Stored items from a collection

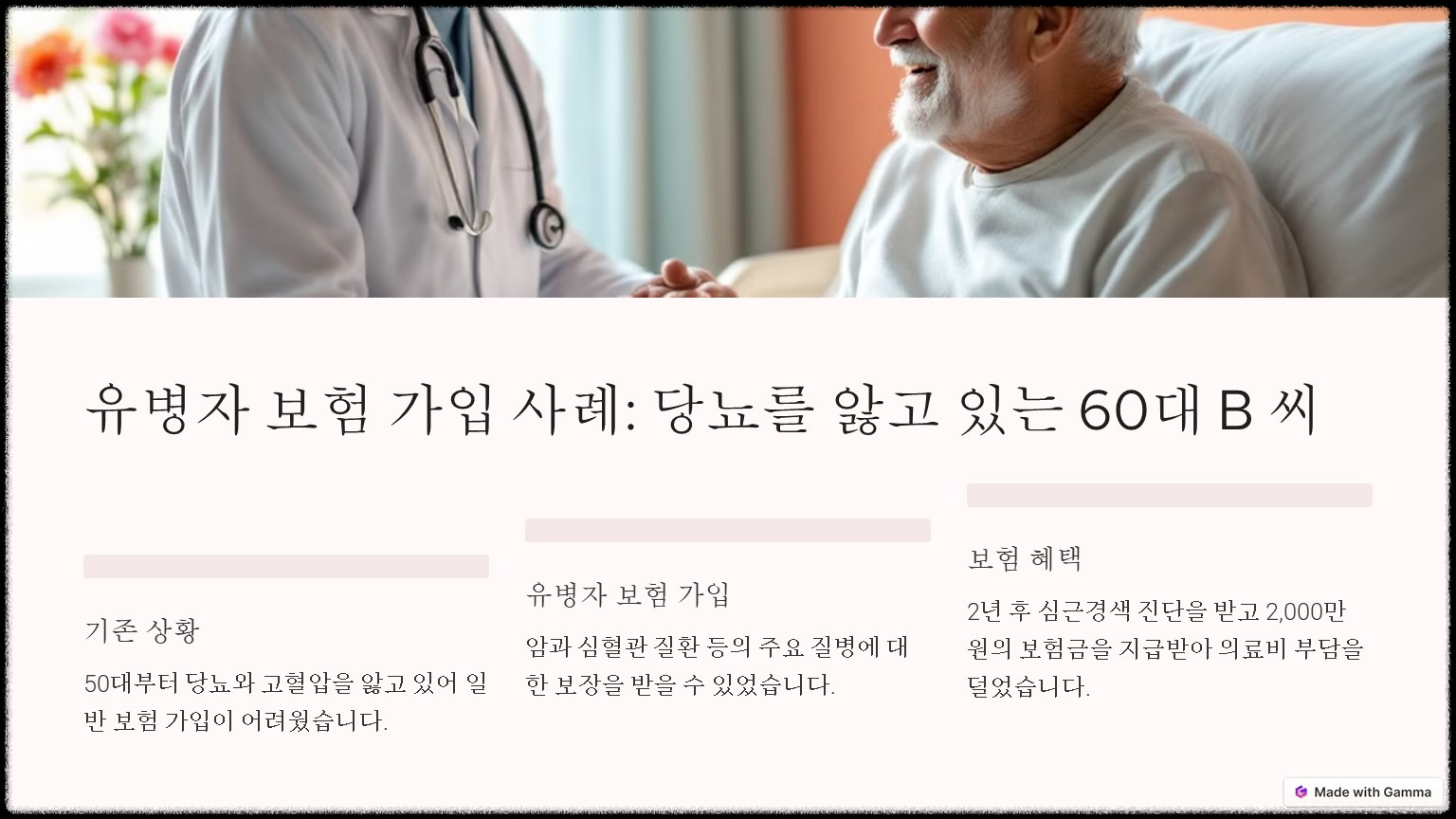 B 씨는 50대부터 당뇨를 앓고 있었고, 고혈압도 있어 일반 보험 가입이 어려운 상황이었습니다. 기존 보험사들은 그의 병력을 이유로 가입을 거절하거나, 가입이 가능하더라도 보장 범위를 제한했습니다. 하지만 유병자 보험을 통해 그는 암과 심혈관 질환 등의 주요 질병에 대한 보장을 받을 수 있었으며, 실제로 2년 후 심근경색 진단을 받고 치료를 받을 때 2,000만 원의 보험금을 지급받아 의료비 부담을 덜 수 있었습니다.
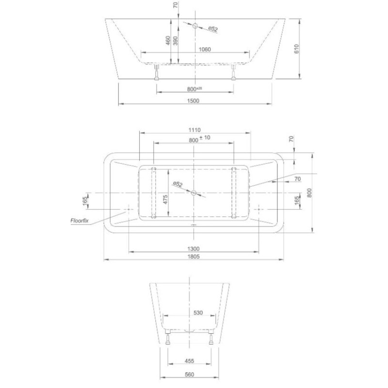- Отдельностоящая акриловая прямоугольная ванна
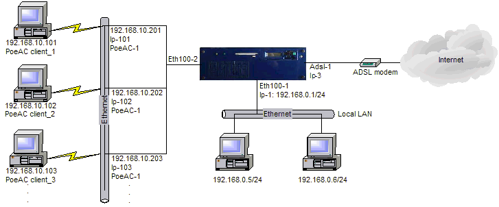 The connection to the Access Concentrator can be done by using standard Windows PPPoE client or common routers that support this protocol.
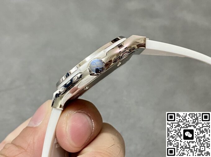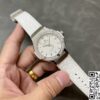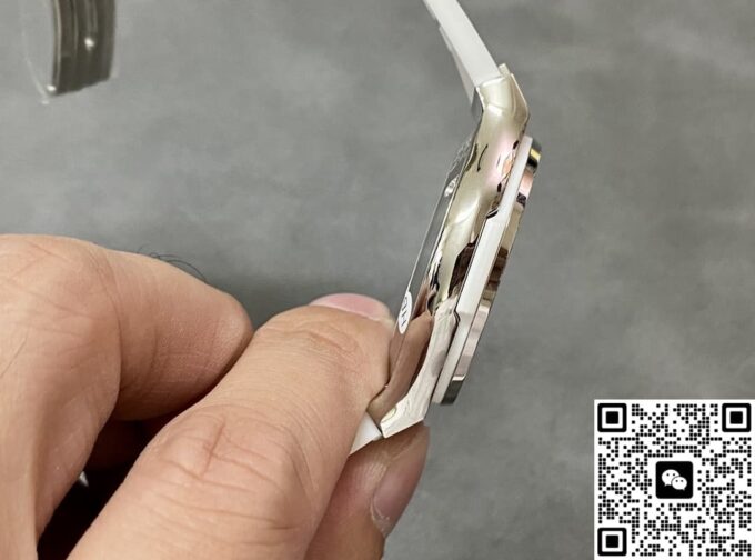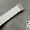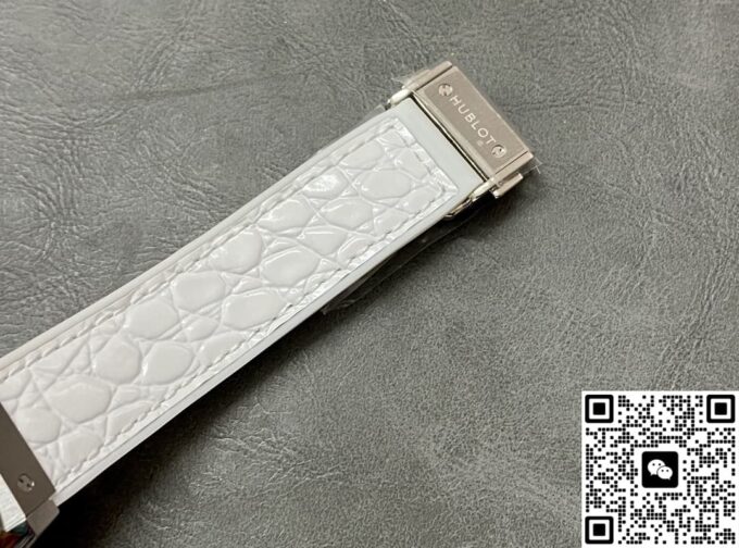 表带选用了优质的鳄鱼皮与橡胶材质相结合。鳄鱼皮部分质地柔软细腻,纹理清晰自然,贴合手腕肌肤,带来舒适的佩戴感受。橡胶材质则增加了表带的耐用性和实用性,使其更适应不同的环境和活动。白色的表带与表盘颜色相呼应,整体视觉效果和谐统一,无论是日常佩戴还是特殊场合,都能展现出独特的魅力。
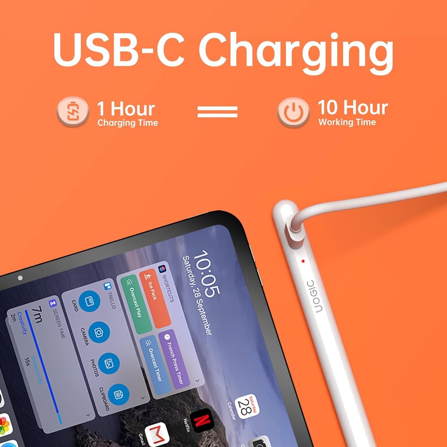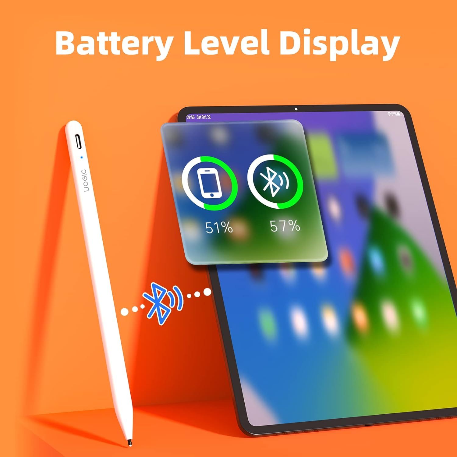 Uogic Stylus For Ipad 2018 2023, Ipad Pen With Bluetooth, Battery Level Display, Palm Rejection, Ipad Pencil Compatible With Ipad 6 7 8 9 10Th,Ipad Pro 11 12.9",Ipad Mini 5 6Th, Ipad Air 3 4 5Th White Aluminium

TASK INSTRUCTIONS:
Without carrying over any pictures, retype the records above exactly.

ANSWER TO THE EXERCISE:
 B 씨는 50대부터 당뇨를 앓고 있었고, 고혈압도 있어 일반 보험 가입이 어려운 상황이었습니다. 기존 보험사들은 그의 병력을 이유로 가입을 거절하거나, 가입이 가능하더라도 보장 범위를 제한했습니다. 하지만 유병자 보험을 통해 그는 암과 심혈관 질환 등의 주요 질병에 대한 보장을 받을 수 있었으며, 실제로 2년 후 심근경색 진단을 받고 치료를 받을 때 2,000만 원의 보험금을 지급받아 의료비 부담을 덜 수 있었습니다.
- Отдельностоящая акриловая прямоугольная ванна
 The connection to the Access Concentrator can be done by using standard Windows PPPoE client or common routers that support this protocol.
 表带选用了优质的鳄鱼皮与橡胶材质相结合。鳄鱼皮部分质地柔软细腻,纹理清晰自然,贴合手腕肌肤,带来舒适的佩戴感受。橡胶材质则增加了表带的耐用性和实用性,使其更适应不同的环境和活动。白色的表带与表盘颜色相呼应,整体视觉效果和谐统一,无论是日常佩戴还是特殊场合,都能展现出独特的魅力。
 Uogic Stylus For Ipad 2018 2023, Ipad Pen With Bluetooth, Battery Level Display, Palm Rejection, Ipad Pencil Compatible With Ipad 6 7 8 9 10Th,Ipad Pro 11 12.9",Ipad Mini 5 6Th, Ipad Air 3 4 5Th White Aluminium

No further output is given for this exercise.